Affinity maturation selects B cells expressing somatically mutated antibody variants with improved antigen-binding properties to protect from invading pathogens. We determined the molecular mechanism underlying the clonal selection and affinity maturation of human B cells expressing protective antibodies against the circumsporozoite protein of the malaria parasite Plasmodium falciparum (PfCSP). We show in molecular detail that the repetitive nature of PfCSP facilitates direct homotypic interactions between two PfCSP repeat-bound monoclonal antibodies, thereby improving antigen affinity and B cell activation. These data provide a mechanistic explanation for the strong selection of somatic mutations that mediate homotypic antibody interactions after repeated parasite exposure in humans. Our findings demonstrate a different mode of antigen-mediated affinity maturation to improve antibody responses to PfCSP and presumably other repetitive antigens.

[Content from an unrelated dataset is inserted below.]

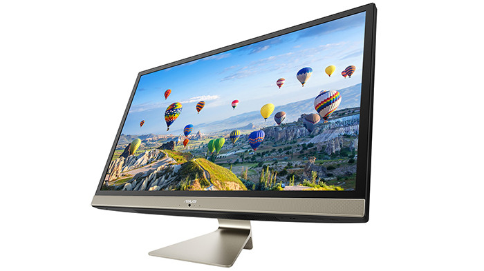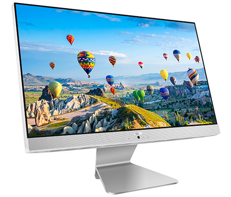 Начнем с компьютеров-моноблоков. Их два: первый называется ASUS Vivo AiO V272, второй – ASUS Vivo AiO V222. Первая новинка располагает 27-дюймовым сенсорным экраном со 100-процентным охватом цветового пространства sRGB, процессором Intel Core i7 (восьмое поколение) и видеокартой nVidia GeForce MX150.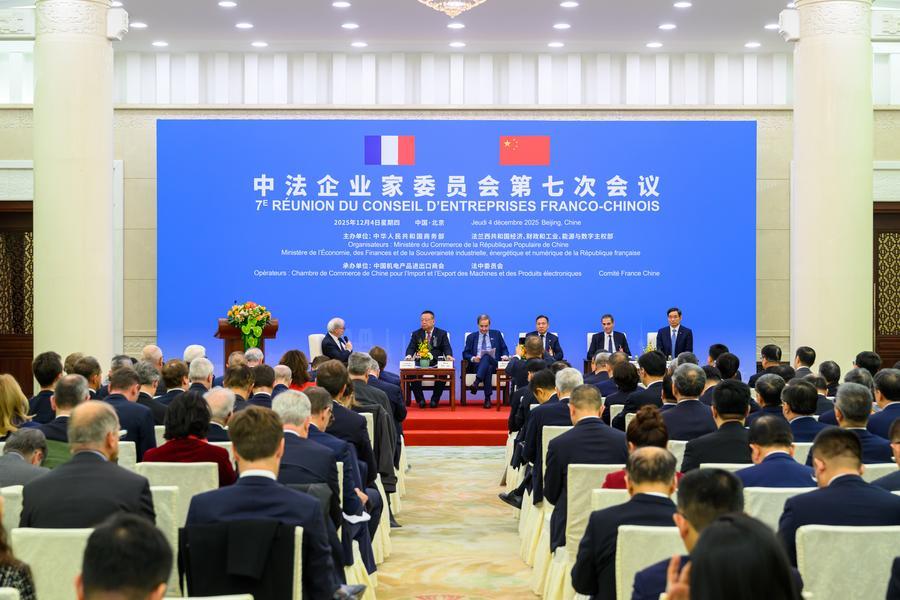 BEIJING, 5 décembre (Xinhua) -- La septième réunion du Conseil d'entreprises sino-français a été organisée jeudi matin à Beijing, réunissant plus de 150 représentants d'entreprises venus discuter du développement vert, de la transformation industrielle et des opportunités d'investissement transfrontalier.

Sporozoites of the human malaria parasite Plasmodium falciparum (Pf) express a surface protein, circumsporozoite protein (PfCSP), with an immunodominant central NANP repeat region (13). Antibodies against the repeat can mediate protection from Pf infection in animal models (46). However, anti-NANP antibody-mediated protection is not readily achieved through vaccination. Thus, the induction of protective PfCSP NANP antibodies is a major goal in pre-erythrocytic vaccine development (7). We recently showed that the anti-NANP PfCSP memory B cell response in Pf-naïve volunteers after repeated exposure to live Pf sporozoites under chloroquine prophylaxis matured predominantly through the clonal selection and expansion of potent Pf inhibitory IGHV3-33 and IGKV1-5-encoded germline antibodies with 8-amino-acid (aa)-long immunoglobulin (Ig) κ complementarity determining region (CDR)3 (KCDR3:8) (8, 9).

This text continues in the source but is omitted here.